- **Description of the task**: Quote the whole listing word for word. Do not include the pictures.

- **Material for this task**:
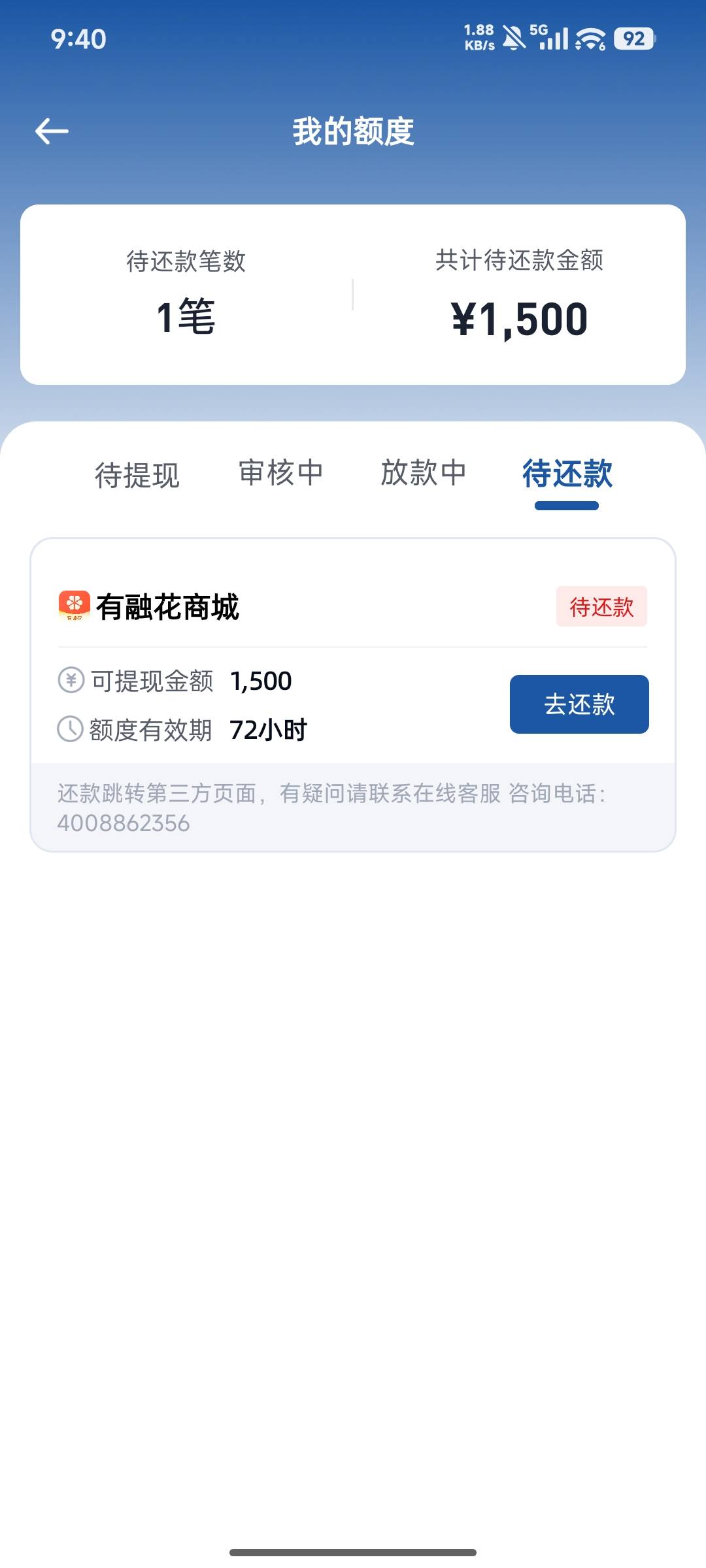 聚融花里面的 有融花过了 ,入口在,直接论坛收聚融花,说智借里面下了两笔那个老哥的帖子  我居然能下,,15天还1530,到zfb红包1150,但我肯定是不还的,最开始9000审核变成1500,,然后还有一个在审核,另一个肯定没戏了
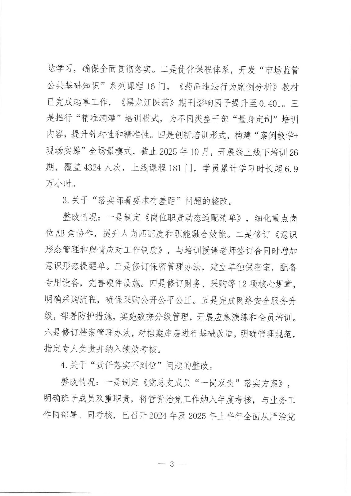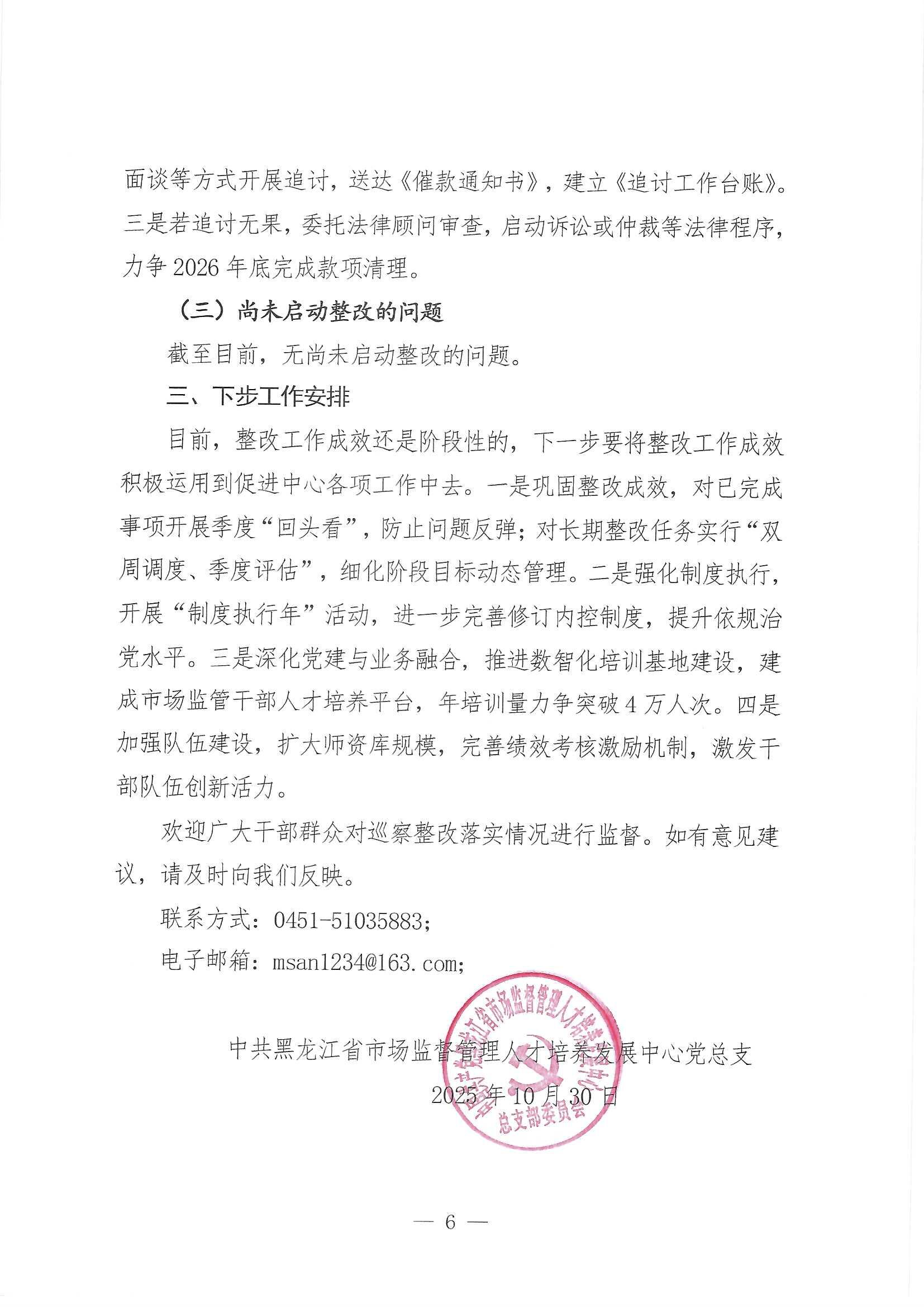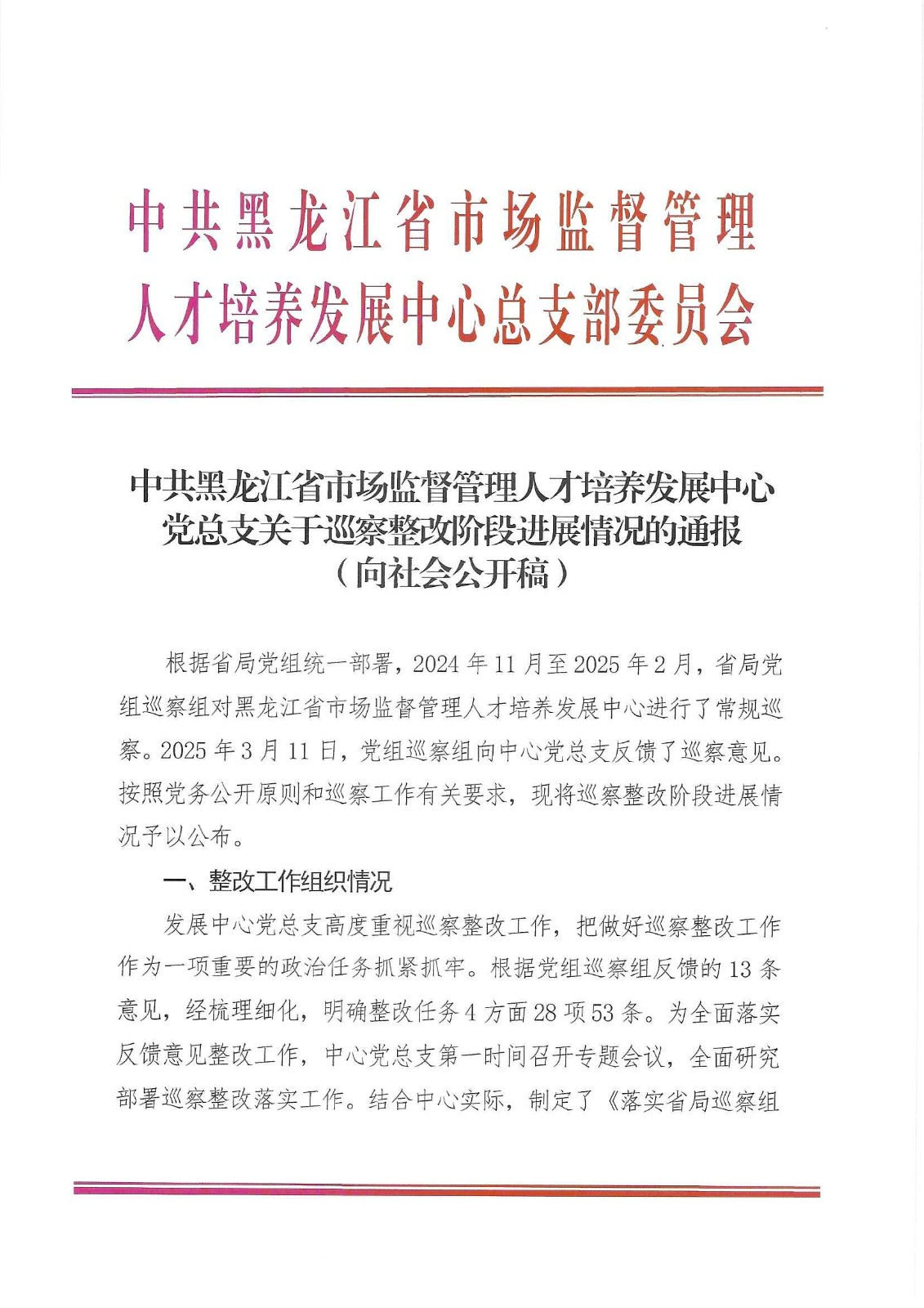 中共黑龙江省市场监督管理人才培养发展中心党总支关于巡察整改阶段进展情况的通报
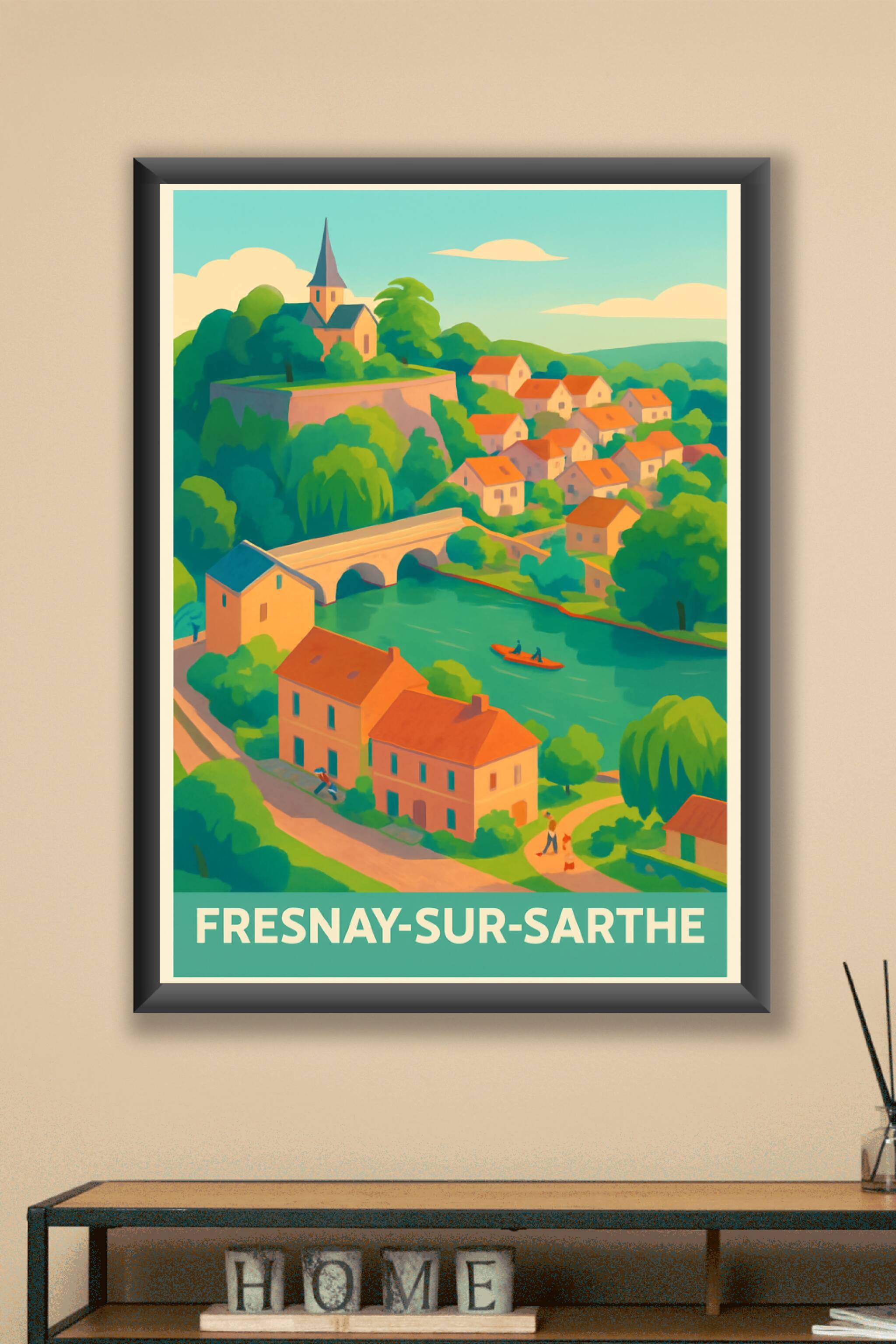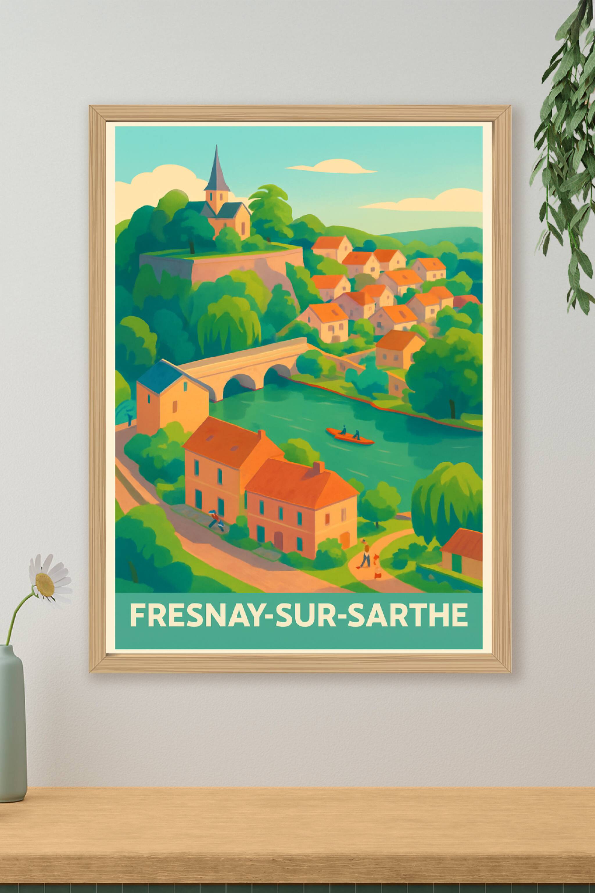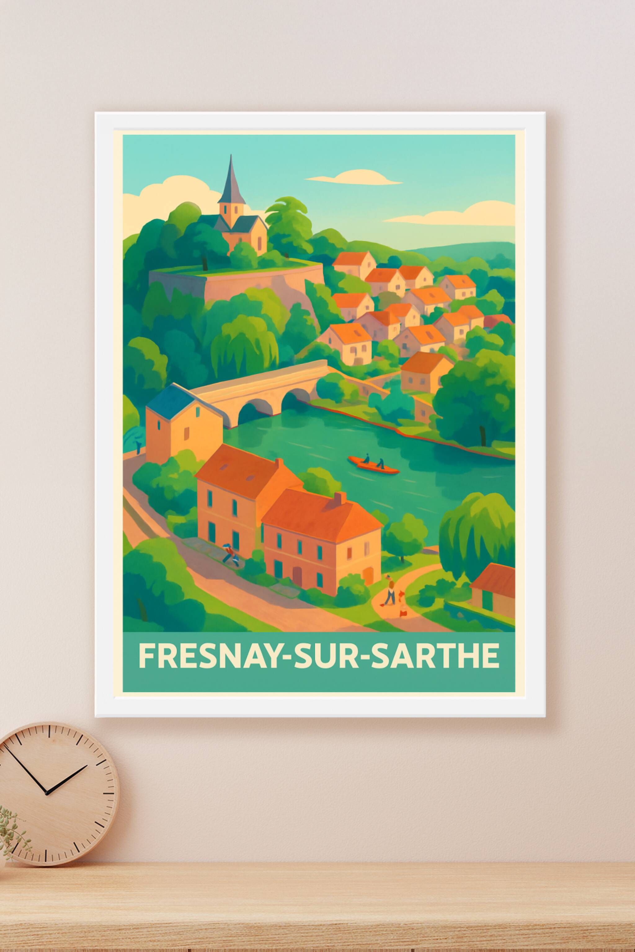 Découvrez l'atmosphère paisible et colorée de Fresnay-sur-Sarthe à travers cette affiche illustrée mettant en scène ses maisons traditionnelles et ...
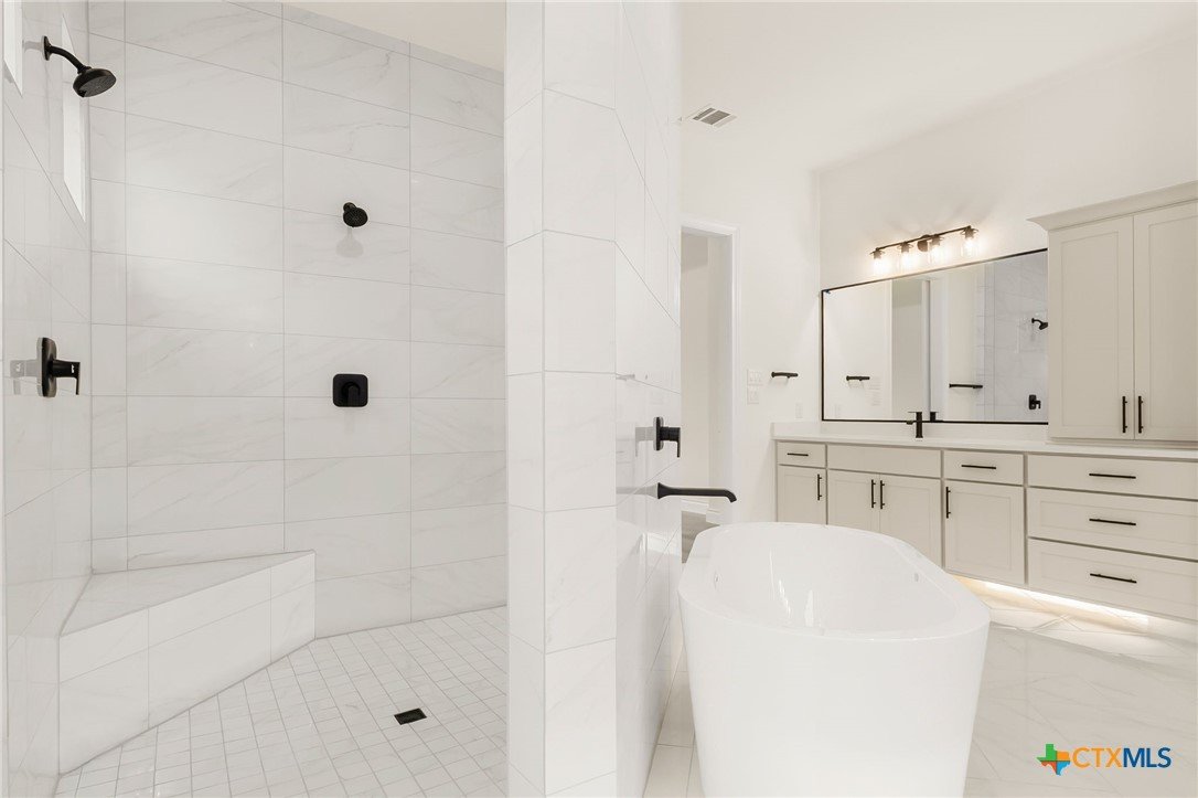 New Construction Home! Welcome to 141 Gadwall Way, a thoughtfully designed 4-bedroom, 3.5-bath home blending modern luxury with smart functionality. The gourmet kitchen features GE Café stainless steel appliances, custom wood cabinetry, a large island with Misterio Quartz countertops, and Black Pearl granite perimeter counters. The private primary suite offers a spa-like bath with a walk-through shower, freestanding tub, premium tilework, and Moen fixtures. Designer details throughout include tray and coffered ceilings, custom millwork, and curated finishes. Enjoy a Smart Technology Package with Z-Wave switches, Wi-Fi-enabled double oven, programmable thermostats, and pre-wired security. The covered back porch with wood-tone ceiling accents and outdoor fireplace creates the perfect space for relaxing or entertaining. Located in serene Mystic Shores, this home delivers comfort, style, and modern convenience.
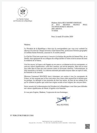 بعد نهارين نتفاجؤو انو الرئاسة الفرنسية ترجعلها رسالة باسم الايليزي مصححها مدير ديوان الرئيس فيها عبارات الشكر والتقدير على موقف التعاطف والتضامن…..

- **Your solution**:
 聚融花里面的 有融花过了 ,入口在,直接论坛收聚融花,说智借里面下了两笔那个老哥的帖子  我居然能下,,15天还1530,到zfb红包1150,但我肯定是不还的,最开始9000审核变成1500,,然后还有一个在审核,另一个肯定没戏了
 中共黑龙江省市场监督管理人才培养发展中心党总支关于巡察整改阶段进展情况的通报
 Découvrez l'atmosphère paisible et colorée de Fresnay-sur-Sarthe à travers cette affiche illustrée mettant en scène ses maisons traditionnelles et ...
 New Construction Home! Welcome to 141 Gadwall Way, a thoughtfully designed 4-bedroom, 3.5-bath home blending modern luxury with smart functionality. The gourmet kitchen features GE Café stainless steel appliances, custom wood cabinetry, a large island with Misterio Quartz countertops, and Black Pearl granite perimeter counters. The private primary suite offers a spa-like bath with a walk-through shower, freestanding tub, premium tilework, and Moen fixtures. Designer details throughout include tray and coffered ceilings, custom millwork, and curated finishes. Enjoy a Smart Technology Package with Z-Wave switches, Wi-Fi-enabled double oven, programmable thermostats, and pre-wired security. The covered back porch with wood-tone ceiling accents and outdoor fireplace creates the perfect space for relaxing or entertaining. Located in serene Mystic Shores, this home delivers comfort, style, and modern convenience.
 بعد نهارين نتفاجؤو انو الرئاسة الفرنسية ترجعلها رسالة باسم الايليزي مصححها مدير ديوان الرئيس فيها عبارات الشكر والتقدير على موقف التعاطف والتضامن…..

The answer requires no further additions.